It is estimated that one in two women over the age of 50 will have a fracture related to osteoporosis in their lifetime. Studies also show that only 24% of women who suffered an osteoporotic fracture received treatment during the following year.
Prolia is the first approved therapy that specifically targets RANK Ligand, an essential regulator of osteoclasts (the cells that break down bone).

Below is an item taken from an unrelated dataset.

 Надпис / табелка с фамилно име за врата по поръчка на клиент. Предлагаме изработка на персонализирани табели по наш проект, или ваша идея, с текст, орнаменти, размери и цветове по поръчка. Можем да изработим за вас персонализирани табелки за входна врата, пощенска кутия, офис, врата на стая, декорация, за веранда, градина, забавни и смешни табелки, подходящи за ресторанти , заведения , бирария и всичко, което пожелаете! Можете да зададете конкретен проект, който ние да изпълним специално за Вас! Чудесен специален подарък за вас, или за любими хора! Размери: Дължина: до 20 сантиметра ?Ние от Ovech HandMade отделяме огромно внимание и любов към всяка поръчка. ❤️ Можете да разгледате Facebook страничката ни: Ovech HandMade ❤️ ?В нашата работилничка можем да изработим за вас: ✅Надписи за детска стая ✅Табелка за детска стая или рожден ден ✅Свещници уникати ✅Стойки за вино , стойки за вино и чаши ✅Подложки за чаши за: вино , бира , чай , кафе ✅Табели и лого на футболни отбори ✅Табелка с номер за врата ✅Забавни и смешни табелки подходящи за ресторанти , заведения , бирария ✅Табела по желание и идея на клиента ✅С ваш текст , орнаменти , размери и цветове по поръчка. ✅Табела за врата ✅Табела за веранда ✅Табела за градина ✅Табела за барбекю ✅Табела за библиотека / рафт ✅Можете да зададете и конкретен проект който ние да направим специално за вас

Prolia is approved in the U.S. for the treatment of postmenopausal women with osteoporosis at high risk for fracture, defined as a history of osteoporotic fracture, or multiple risk factors for fracture; or patients who have failed or are intolerant to other available osteoporosis therapy. Prolia is also approved for treatment to increase bone mass in men with osteoporosis at high risk for fracture, defined as a history of osteoporotic fracture, or multiple risk factors for fracture; or patients who have failed or are intolerant to other available osteoporosis therapy.
Prolia is administered as a single subcutaneous injection of 60 mg once every six months.

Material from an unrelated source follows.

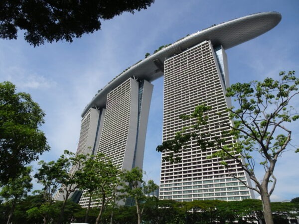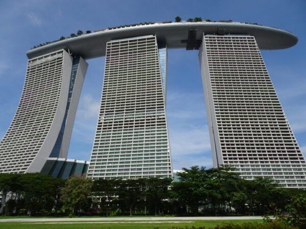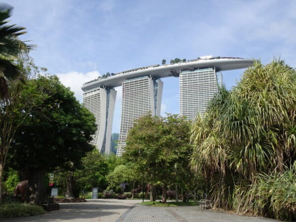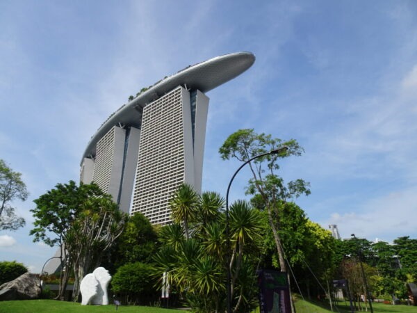 この角度からの マリーナベイサンズ よく上のプール乗っかってるよなぁ

Doug King, senior vice president and president of Medtronic Spine, said, “This new agreement increases awareness and access to our current base of orthopedic and spine physicians already treating patients with osteoporotic vertebral compression fractures. Identifying successful treatment options and access to care at the site of service for the growing number of women with osteoporosis at high risk for fracture is our primary objective. We could not have selected a better partner in Amgen, known industry-wide for their treatments and patient care.”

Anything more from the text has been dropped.